Well what do you know! Happy Birthday to you Sophy!! 9 is a grand age! and your birthday dinner sounds just divine! Stella is asking for the credit card number so she can book a flight to come over and share some with you! Her dinner today is not going to be that nice!


----------



## chinchillafuzzy (Feb 11, 2017)

Happy birthday Sophy!! It sounds like it has been such a lovely day for you I am so happy to hear that your back isn't hurting you on your special day! Enjoy your yummy yummy dinner!


----------



## Charmed (Aug 4, 2014)

Happy Birthday Sophy! The age of nine is really fine. Chicken and rabbit sounds so divine.


----------



## zooeysmom (Jan 3, 2014)

Happy Birthday, Sophy!
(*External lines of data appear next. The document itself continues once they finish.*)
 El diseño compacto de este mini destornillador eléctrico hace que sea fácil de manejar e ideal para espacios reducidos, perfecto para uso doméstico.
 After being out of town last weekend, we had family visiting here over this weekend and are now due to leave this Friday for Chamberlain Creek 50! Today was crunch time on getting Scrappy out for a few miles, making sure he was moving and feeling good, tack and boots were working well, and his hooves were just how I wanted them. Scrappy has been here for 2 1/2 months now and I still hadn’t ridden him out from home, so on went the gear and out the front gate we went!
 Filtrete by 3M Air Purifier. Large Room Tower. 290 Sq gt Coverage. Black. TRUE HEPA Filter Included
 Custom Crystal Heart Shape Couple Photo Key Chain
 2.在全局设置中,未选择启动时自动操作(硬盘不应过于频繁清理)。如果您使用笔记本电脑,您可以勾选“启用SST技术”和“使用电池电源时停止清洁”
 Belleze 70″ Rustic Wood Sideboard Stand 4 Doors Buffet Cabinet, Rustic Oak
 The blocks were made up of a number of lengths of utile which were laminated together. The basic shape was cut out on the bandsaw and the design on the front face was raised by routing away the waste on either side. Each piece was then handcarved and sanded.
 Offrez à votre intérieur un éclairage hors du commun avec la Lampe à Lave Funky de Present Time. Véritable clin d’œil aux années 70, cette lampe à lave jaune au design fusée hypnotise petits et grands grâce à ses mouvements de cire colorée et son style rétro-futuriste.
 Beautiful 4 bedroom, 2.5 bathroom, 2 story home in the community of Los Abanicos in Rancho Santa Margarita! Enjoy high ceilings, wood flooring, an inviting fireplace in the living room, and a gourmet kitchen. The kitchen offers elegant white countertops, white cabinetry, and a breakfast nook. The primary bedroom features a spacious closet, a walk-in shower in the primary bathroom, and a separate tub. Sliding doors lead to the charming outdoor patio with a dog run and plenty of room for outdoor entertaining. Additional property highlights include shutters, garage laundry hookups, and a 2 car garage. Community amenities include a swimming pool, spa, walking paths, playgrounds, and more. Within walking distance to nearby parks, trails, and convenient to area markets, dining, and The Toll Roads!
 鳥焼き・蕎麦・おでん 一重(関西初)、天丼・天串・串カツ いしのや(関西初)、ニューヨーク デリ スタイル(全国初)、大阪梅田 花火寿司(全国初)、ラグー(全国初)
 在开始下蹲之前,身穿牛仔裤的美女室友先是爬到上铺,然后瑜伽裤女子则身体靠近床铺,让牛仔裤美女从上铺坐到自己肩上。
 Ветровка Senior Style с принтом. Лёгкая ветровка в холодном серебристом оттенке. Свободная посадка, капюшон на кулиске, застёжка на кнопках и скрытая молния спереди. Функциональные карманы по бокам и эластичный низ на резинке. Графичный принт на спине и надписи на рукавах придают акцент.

Poppy, thank you for the update on your sister  Sounds like you've all had a great day.


----------



## Skylar (Jul 29, 2016)

:birthday: :birthday: :birthday: to a dear Sophy - I bet if you asked her she would love to celebrate her birthday more often, those treats sounded wonderful.


----------



## twyla (Apr 28, 2010)

arty:arty2:
Happy Birthday Sophy


----------



## Mfmst (Jun 18, 2014)

Happy Birthday clever Sophy! Glad your back is on the mend too.


----------



## Asta's Mom (Aug 20, 2014)

Happy Birthday Sophy - your dinner sounds marvelous.


----------



## Muggles (Mar 14, 2015)

Happy birthday Sophy! Your day sounds fabulous (and delicious, says Rory) and I’m so glad your back is on the mend! [emoji513] [emoji512] [emoji324] [emoji322] [emoji323]


----------



## Countryboy (May 16, 2011)

HB, Sophy! You go girl. :beerclank: 

Did you get a card from your old buddy, Pushkin, on this grand occasion?


----------



## MollyMuiMa (Oct 13, 2012)

HOPE IT IS THE BESTEST EVER!
LOVE,
MOLLY


----------



## lily cd re (Jul 23, 2012)

Poppy that is a lovely birthday message for your sister Sophy. I am glad you all had a wonderful day and am sure Sophy will be romping like her usual self before long. Lily is nine too and she still plays with me all the time. Peeves is nine too, but he is a grumpy old man. Maybe it is because he isn't a poodle.

Your pal from across the pond,
Javelin


----------



## Dechi (Aug 22, 2015)

Happy birthday Sophie ! I hope your mom gave you lots of yummy treats ! (If not maybe you can manage to steal some from her, I’m sure you won’t get grounded...)


----------